President Eisgruber and Dean Kulkarni's Memo to the Faculty on Policies Governing Sexual Misconduct

Sept. 24, 2018

To:                   Members of the Faculty

From:               Christopher L. Eisgruber
                         Sanjeev R. Kulkarni

Date:               September 24, 2018

Re:                   Policies Governing Sexual Misconduct by Faculty Members

We write to update you regarding the University’s sexual misconduct policies, including matters that are likely to come to the full faculty for a vote this spring.

Last spring, Princeton’s Faculty-Student Committee on Sexual Misconduct recommended that the University strengthen its policies that prohibit sexual misconduct and its procedures for investigating and adjudicating complaints against faculty members.[1]  The committee’s recommendations respond to campus concerns and also to broader issues being discussed throughout the country and around the world.

We are grateful to the committee for its thoughtful work, which provides the faculty with an opportunity to improve the University’s policies.  The problem of sexual misconduct is serious and the consequences for those affected by it can be severe.  Institutions throughout society, including those in higher education, have for too long underestimated the prevalence of sexual harassment and the harm that it does.  We have also been too optimistic about the power of good will or relatively light penalties to cure the problem.

All of us at this University must work vigilantly to maintain an equitable, respectful, and safe campus environment for everyone who works and studies here.  Princeton’s faculty has demonstrated its commitment to that goal by amending and improving its sexual misconduct rules on multiple occasions over the past decade.  Members of this faculty rightly regard harassment and other abuses of power as damaging not only to the individuals directly affected by it but also to the integrity, values, and interpersonal trust that define the Princeton community.

Our policies are now, in our view, as strong as what exists at most other universities, and reasonably good overall—but they can and should be even better.  We join the Faculty-Student Committee on Sexual Misconduct (FSCSM) in believing that we must go beyond the progress this University has made already.  We are for that reason asking the Faculty Advisory Committee on Policy (FACP) to generate a proposal for further improvements and to bring it to the full faculty and to the University trustees.

We will ask the FACP to review in full the FSCSM’s report, to give serious and careful consideration to the recommendations contained in it, and to develop appropriate recommendations of its own.  We will encourage the committee to have broad and wide-ranging discussions, and to take the time required to ensure that we have policies that are effective and fair to all parties involved.

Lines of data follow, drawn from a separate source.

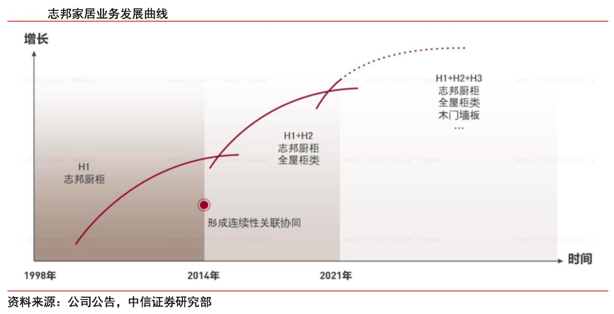 經(jīng)典案例:根據(jù)公司公告、中信證券研究部等綜合資訊表明,志邦家居公司產品包括整體廚房、全屋定制、定制木門/墻板、整體衛(wèi)浴、家具配套、軟裝等整體家居產品,并通過融合大店模式將各類產品融合銷售,提升銷售配套率。
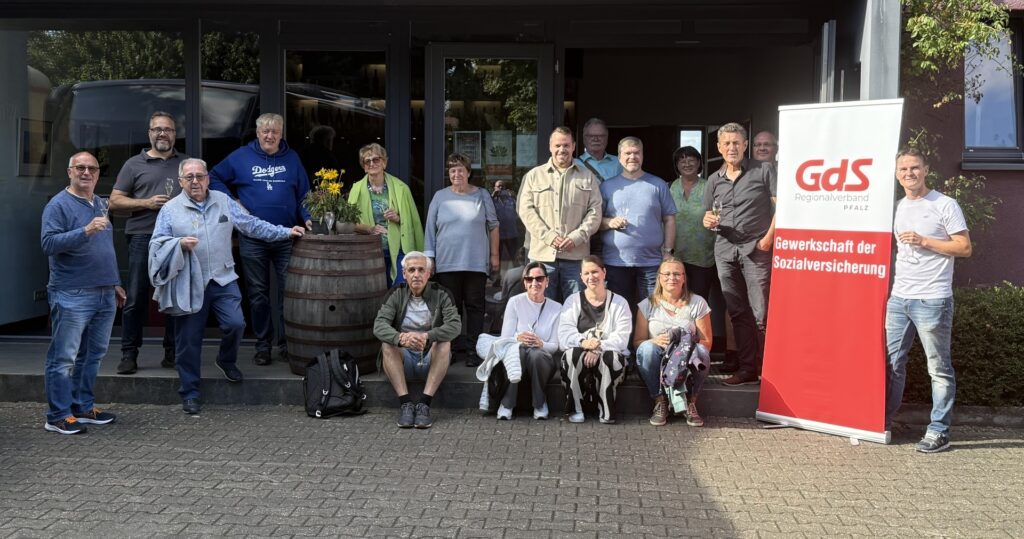 „Wenn Engel reisen, lacht der Himmel“ und genau so war es am 12. September 2025. Mit einem gecharterten Reisebus hatte sich der GdS-Regionalverband Pfalz bei herrlichem Freitagnachmittagswetter über die Zwischenstationen Landau in der Pfalz, Neustadt an der Weinstraße, Speyer und Ludwigshafen am Rhein auf den Weg zur kulinarischen Weinprobe nach Rheinhessen gemacht.
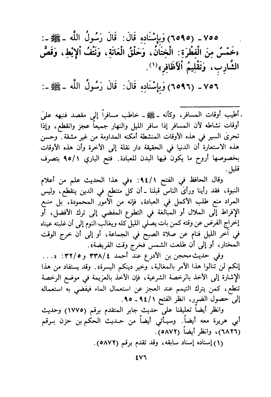 6595 - وَبِإِسْنَادِهِ قَالَ: قَالَ رَسُولُ اللَّهِ صَلَّى اللهُ عَلَيْهِ وَسَلَّمَ: " §خَمْسٌ مِنَ الْفِطْرَةِ: الْخِتَانُ، وَحَلْقُ الْعَانَةِ، وَنَتْفُ الْإِبْطِ، وَقَصُّ الشَّارِبِ، وَتَقْلِيمُ الْأَظَافِرِ "Kإسناده صحيح
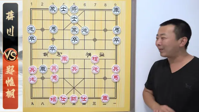 飞相对进卒,转单提马对两头蛇的开局。此布局相对平稳,转入中残局较量。小郑主动送兵,暗藏飞刀。蒋特识破了,不予理睬,出车正着,抓炮争先,红-10分。软件推荐走炮八进二,红优10分。区别并不明显。
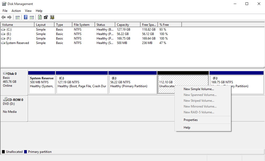 Step 4: You should now see a new unallocated space in your Disk Management window. Right-click on the unallocated space and select the New Simple Volume option. The New Simple Volume Wizard should pop up. Click on the Next button to continue.
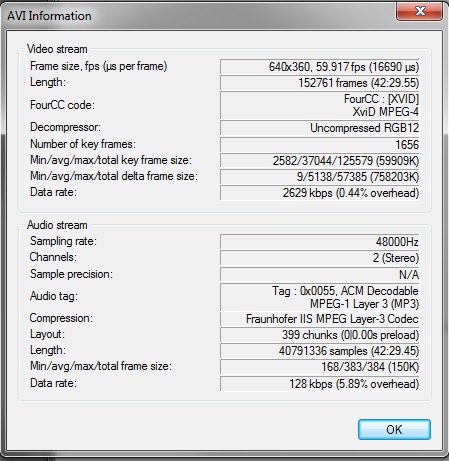 I'm wondering why the Frame Rate changed when the video was placed in it's own AVI. The video is 42:29, not 43:57, otherwise the original AVI would have had a duration of 43:57.

In addition to charging the FACP with responsibility for recommending reforms, we are announcing a clarification to the penalties that we will apply when a member of the faculty is found to have committed sexual harassment.  The Rules and Procedures of the Faculty direct us to impose penalties “commensurate with the nature of the offense” (Rules and Procedures of the Faculty, IV.N.1).  Sexual harassment by definition involves conduct sufficiently pervasive or severe that it unreasonably interferes with a student’s educational experience or a colleague’s working conditions.[2]  Such “pervasive or severe” misbehavior is a major breach of a faculty member’s professional responsibilities.  We believe that in order to be “commensurate with the nature of the offense,” the presumptive minimum penalty in any case of sexual harassment must be a one-year unpaid suspension from the faculty.  Beginning immediately, we will apply that presumption to all harassment cases brought against members of the faculty.  All suspensions will be accompanied by mandatory counseling, probation, and other appropriate measures to ensure that violations do not recur and that our learning environment is safe and equitable for students, faculty, and staff.  More egregious harassment cases will, of course, warrant more severe punishments, including dismissal.
 

This University can and should be a leader in creating an environment where all students, staff, and faculty can achieve their full potential.  We look forward to working with the FACP, the faculty, the trustees, and the Princeton community to make changes that will improve our rules, procedures, and practices, and that ensure that we create a safe, respectful, and equitable learning environment for everyone on this campus.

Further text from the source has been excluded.